Note that let expressions are just syntactic sugar over nested lambdas.

To apply functions, use square brackets, e.g.

the-first-value = [first :a :b]

this applies the first function, defined above, to :a and :b and binds the name the-first-value to the result.

In mappy, functions are automatically partially applied if too few arguments are given. This feature, is well aligned with functional programming because it allows us to easily build new functions from existing ones.

For example, suppose we wanted to build a function that adds two to a number. We might do so like thus

add-two num = [add two num]

This is pretty nice, but in mappy it can get more elegantly

add-two = [add two]

In mappy, IO is done using the special io map, using the core primitives.

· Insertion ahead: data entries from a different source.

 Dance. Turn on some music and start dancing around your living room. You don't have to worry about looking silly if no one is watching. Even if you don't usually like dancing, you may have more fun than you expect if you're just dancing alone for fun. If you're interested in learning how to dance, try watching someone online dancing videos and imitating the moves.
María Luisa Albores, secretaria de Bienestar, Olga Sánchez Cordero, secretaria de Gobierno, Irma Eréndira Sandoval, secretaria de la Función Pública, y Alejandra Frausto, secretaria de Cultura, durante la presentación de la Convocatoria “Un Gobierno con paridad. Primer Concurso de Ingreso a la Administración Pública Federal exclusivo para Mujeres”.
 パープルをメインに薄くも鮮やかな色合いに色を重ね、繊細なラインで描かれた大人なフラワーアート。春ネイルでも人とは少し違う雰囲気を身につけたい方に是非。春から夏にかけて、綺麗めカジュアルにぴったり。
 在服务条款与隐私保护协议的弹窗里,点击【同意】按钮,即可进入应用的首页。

To print a value, use give

[give :print "Hi, from mappy!" io]

To write a file, use give

[give :write-file (:text "File content", :file "out.txt") io]

To read a file, use take

[take (:read-file "README.md") io]

To create a lambda function the syntax \arg1 arg2 argN -> body is used, where argX are the argument names and body is an expression. So, if we wanted to define our first function above, using lambdas, it would look like

first = \a b -> a

Note that lambdas can have "lazy-arguments" (by wrapping in parenthesis), for example, here's how if is defined in mappy

if cond (then) (else) = [[
  default-take [take :truthy cond] (:false else) then
]]

the [[ and ]] are not special, they are normal function application. In this case, they apply default-take then the result (either else or then).

Like LISP, mappy is built around a small set of core primitives. mappy's core primitives are called give, take and default-take. Being as mappy is built around maps, all core primitives operate on maps.

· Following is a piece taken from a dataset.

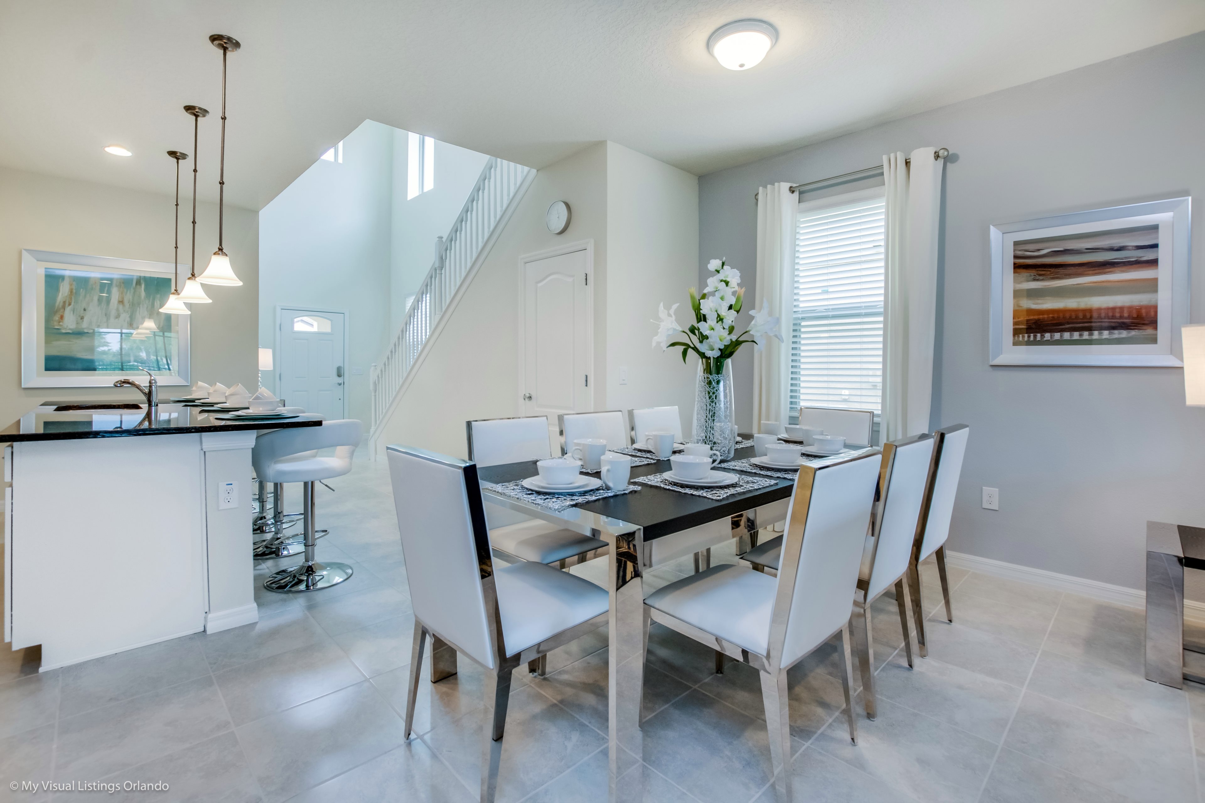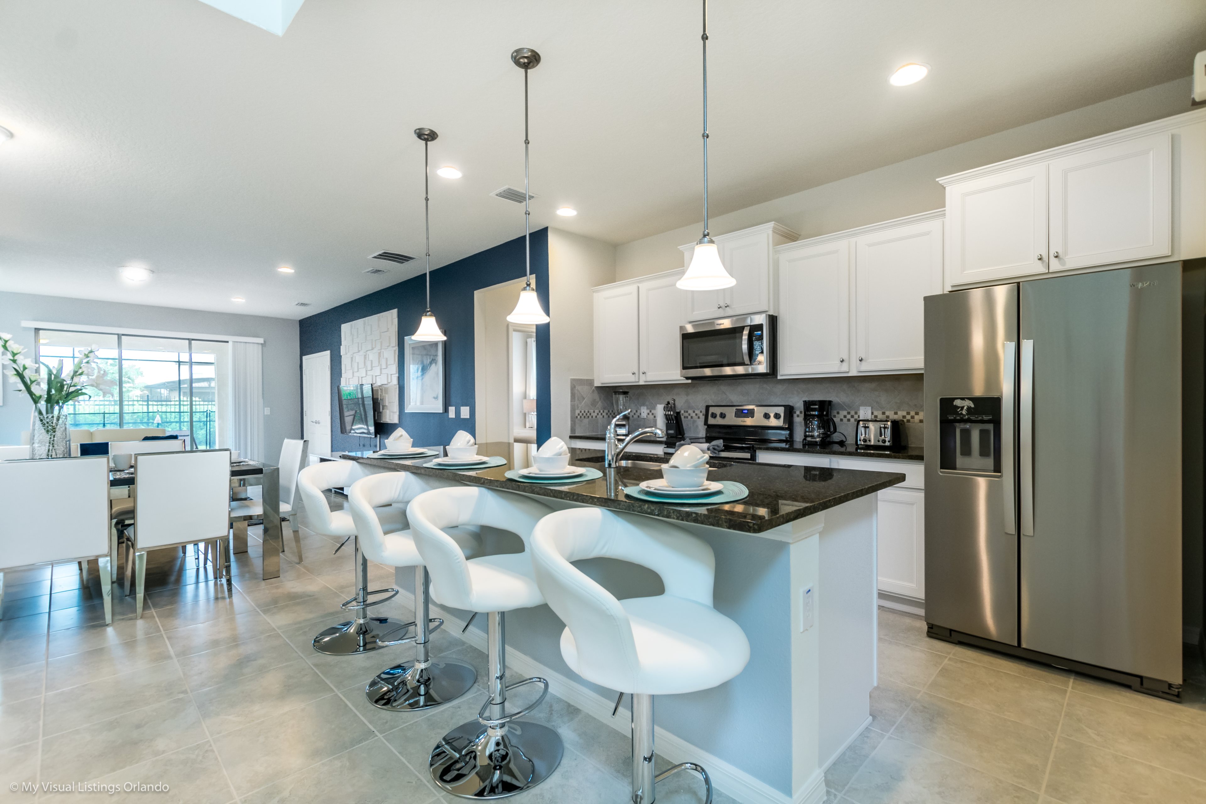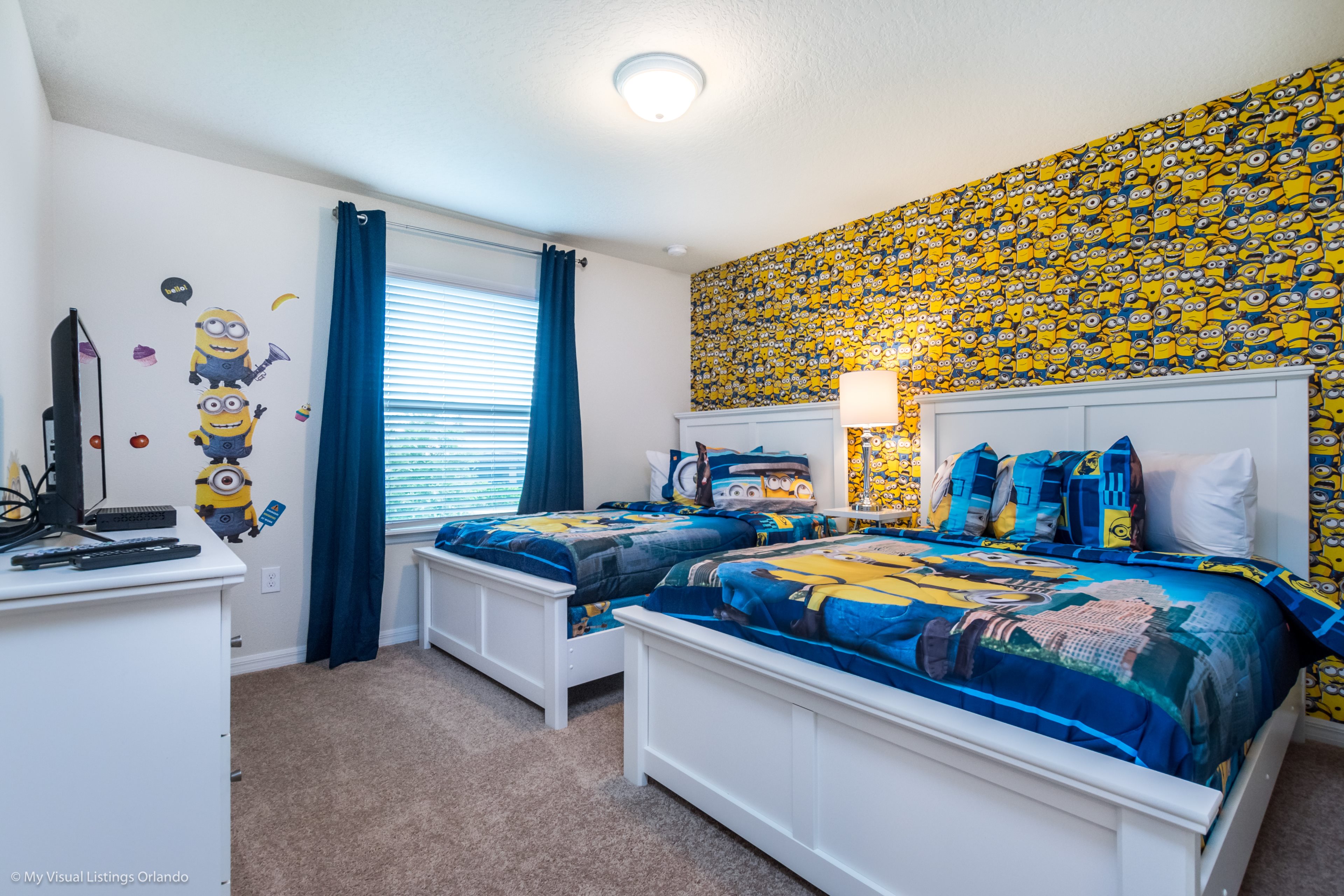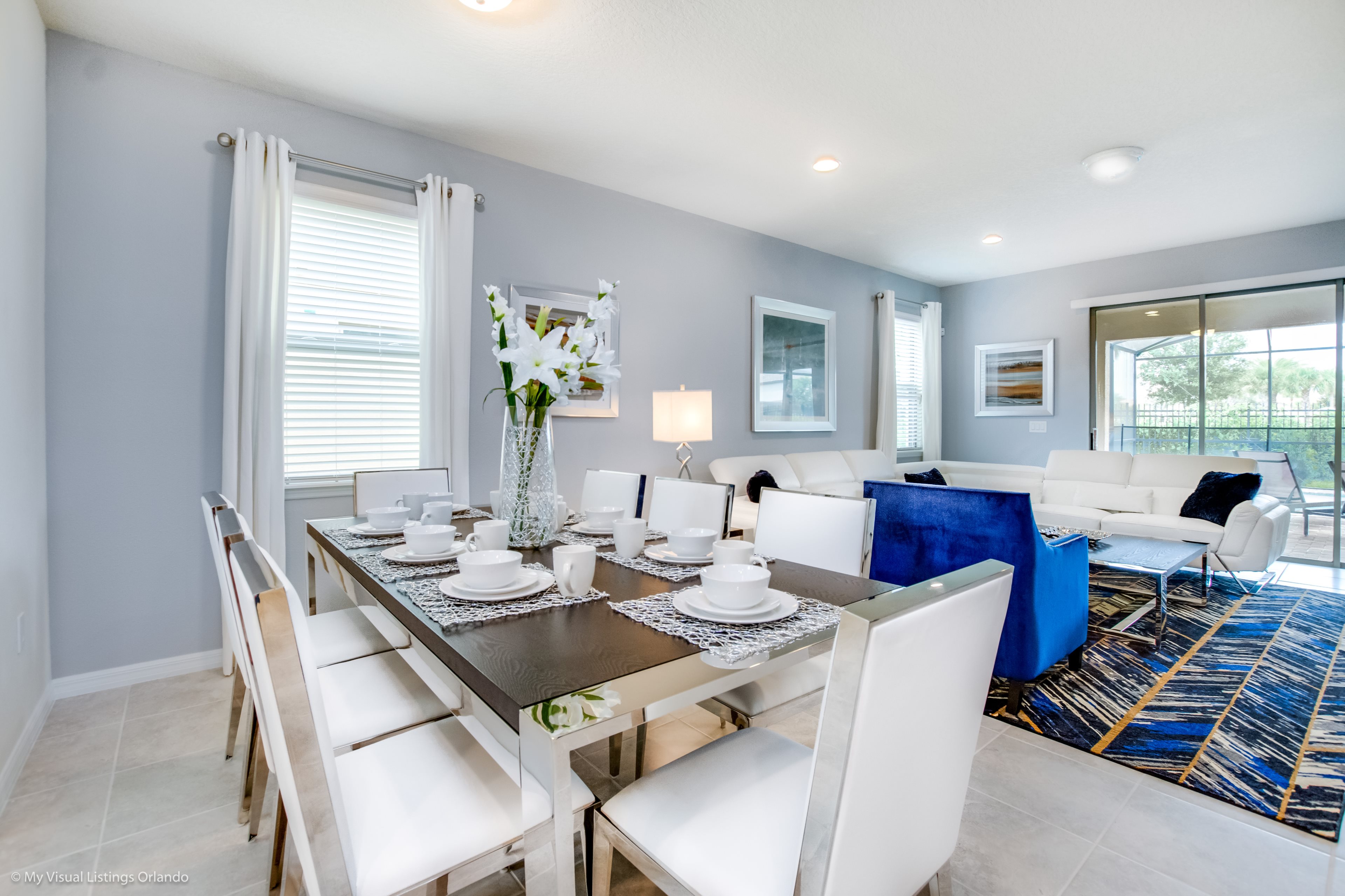 Our beautiful 6-bedroom, 4-bathroom Orlando vacation rental is situated in the sought-after Windsor at Westside community just minutes from Walt Disney World® Resort. The two-story home features two king master suites, two queen bedrooms, a full bedroom and a Star Wars-themed twin bedroom – all with smart LED TVs. For relaxation and entertainment, the home includes a screened-in private pool & spa and lost area living area with a 55” LED TV and Blu-ray player. Stay connected with complimentary high-speed Wi-Fi, cook food & snacks in the fully equipped kitchen, share meals together in the dining area, freshen up your clothes in the laundry area with a washer and dryer, and more.

Returns a new map with a new association. If the given key existed in the map before, then it will be overwritten in the returned copy.

Example:

[give :foo :bar (:baz :quux)]

returns: (:baz :quux :foo :bar)

Attempts to retrieve a value from a map. If the value is not present, an error will occur.

Example:

[take :foo (:foo :bar)]

returns: :bar

More simply, applying a keyword to a map is the same as applying take. For example, the above example can be rewritten as

[:foo (:foo :bar)]

Like take except, instead of erring, it returns a default value if the key is not found.

Example:

[default-take :foo (:baz :quux) :bar]

returns: :bar